- Work to complete:
Starting at the line that contains "布达中心现代单间公寓,自助入住和快速无线网络" and stopping after the line that contains "- Berechnungsergebnisse zusätzlich", transcribe the listing below exactly; do not include any pictures.

───── Records for processing

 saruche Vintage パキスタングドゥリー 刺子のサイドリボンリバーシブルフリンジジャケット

──────────
───── Records for processing

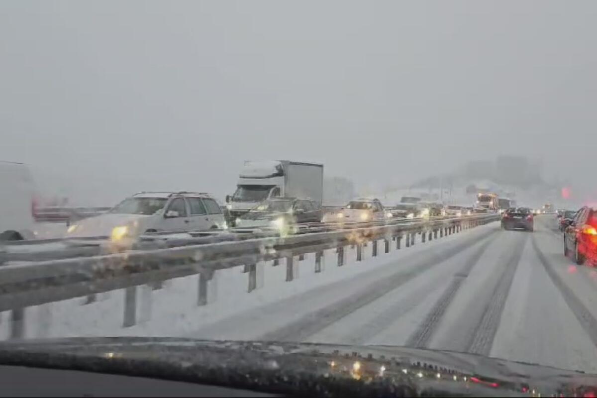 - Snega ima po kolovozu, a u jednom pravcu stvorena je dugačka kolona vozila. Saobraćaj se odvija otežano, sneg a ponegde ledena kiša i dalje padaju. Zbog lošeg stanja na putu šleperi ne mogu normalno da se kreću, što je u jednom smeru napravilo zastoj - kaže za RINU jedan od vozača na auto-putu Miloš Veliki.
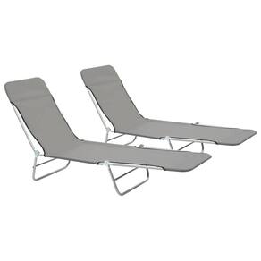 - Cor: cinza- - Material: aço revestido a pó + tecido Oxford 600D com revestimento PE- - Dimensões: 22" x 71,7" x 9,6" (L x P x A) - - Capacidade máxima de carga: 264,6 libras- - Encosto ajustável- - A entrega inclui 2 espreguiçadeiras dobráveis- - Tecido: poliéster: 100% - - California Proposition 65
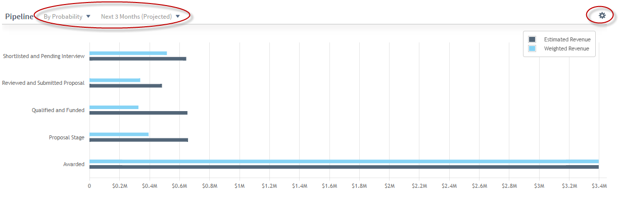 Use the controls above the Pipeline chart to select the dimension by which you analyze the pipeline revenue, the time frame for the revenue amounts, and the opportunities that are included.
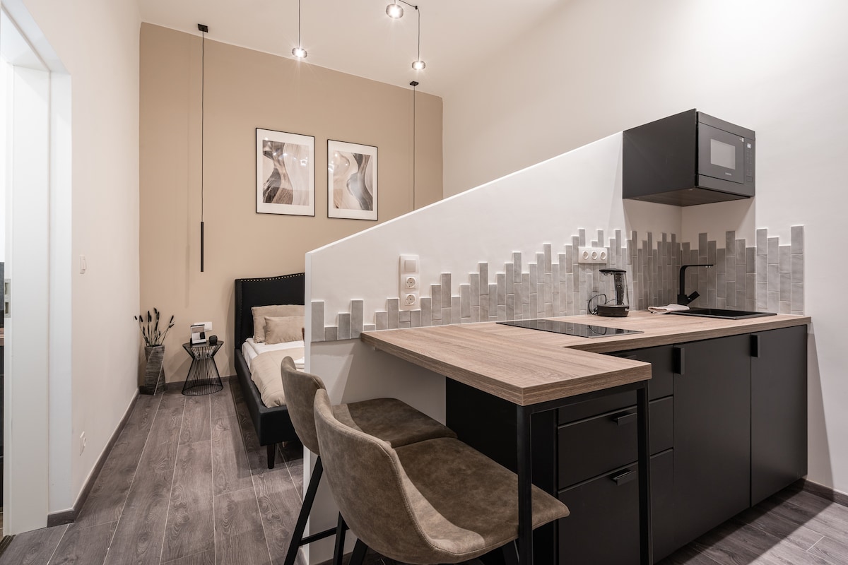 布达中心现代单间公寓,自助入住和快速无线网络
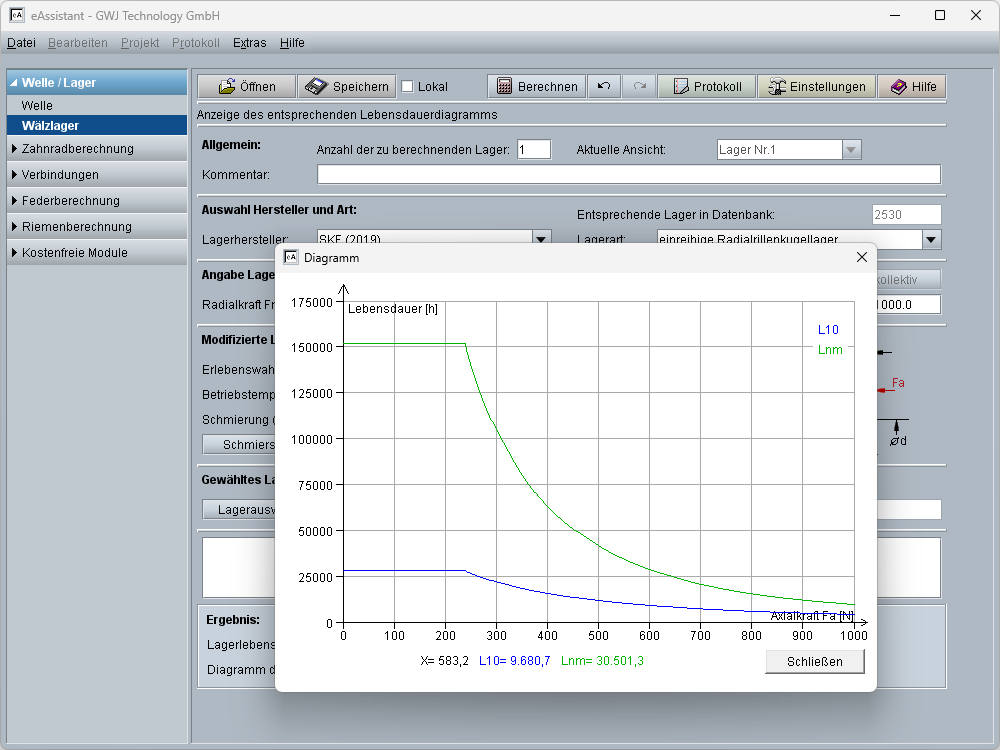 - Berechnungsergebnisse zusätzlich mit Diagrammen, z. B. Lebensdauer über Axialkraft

──────────
───── Records for processing

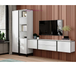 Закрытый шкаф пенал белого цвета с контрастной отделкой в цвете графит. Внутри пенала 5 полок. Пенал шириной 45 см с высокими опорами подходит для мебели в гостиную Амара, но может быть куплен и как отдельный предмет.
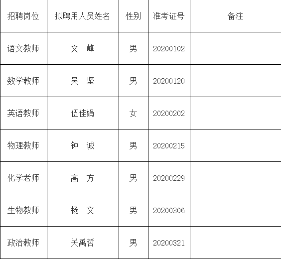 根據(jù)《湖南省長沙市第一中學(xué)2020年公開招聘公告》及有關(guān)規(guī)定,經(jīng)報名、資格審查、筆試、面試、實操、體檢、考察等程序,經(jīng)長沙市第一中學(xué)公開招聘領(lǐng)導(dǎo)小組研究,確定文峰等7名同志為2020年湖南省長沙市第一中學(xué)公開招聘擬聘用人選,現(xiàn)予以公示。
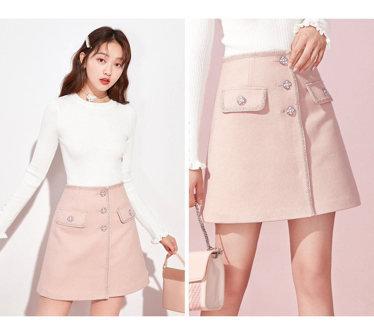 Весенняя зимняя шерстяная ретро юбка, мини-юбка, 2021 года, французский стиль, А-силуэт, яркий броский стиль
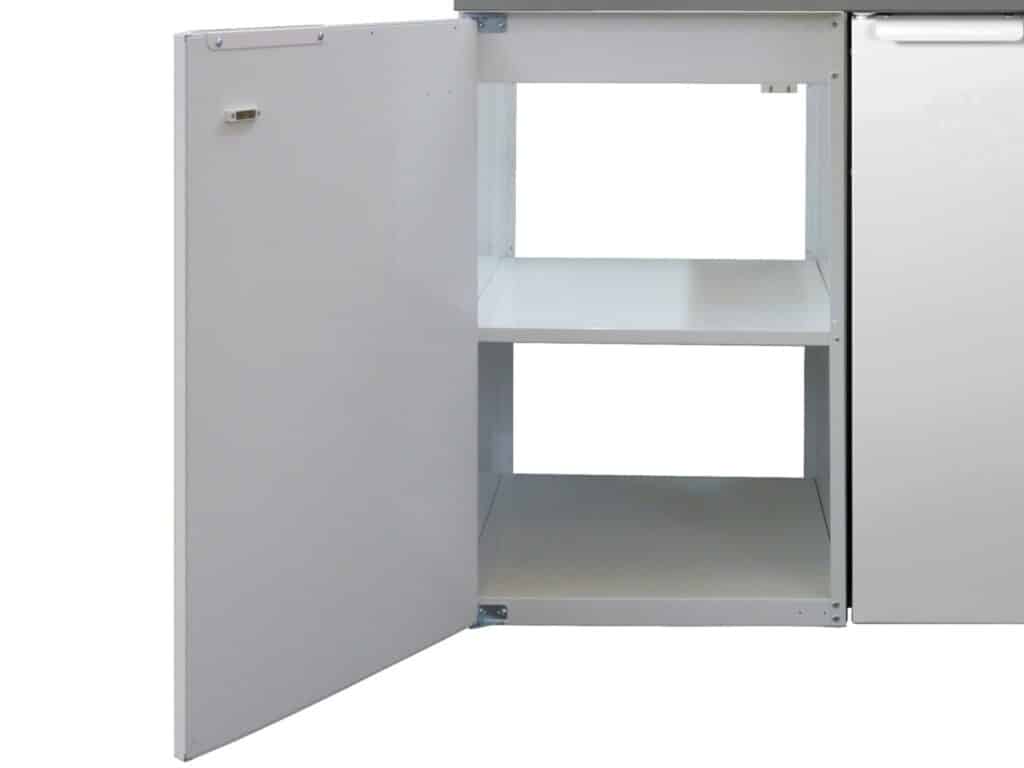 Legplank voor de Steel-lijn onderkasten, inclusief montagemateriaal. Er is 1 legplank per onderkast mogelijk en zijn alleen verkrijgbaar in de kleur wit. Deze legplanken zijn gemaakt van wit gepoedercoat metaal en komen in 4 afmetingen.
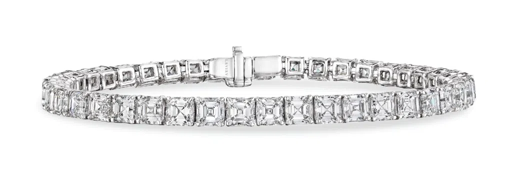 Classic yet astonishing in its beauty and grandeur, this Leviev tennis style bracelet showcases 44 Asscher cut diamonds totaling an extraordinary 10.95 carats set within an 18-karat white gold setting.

──────────

- Exercise response:
 布达中心现代单间公寓,自助入住和快速无线网络
 - Berechnungsergebnisse zusätzlich mit Diagrammen, z. B. Lebensdauer über Axialkraft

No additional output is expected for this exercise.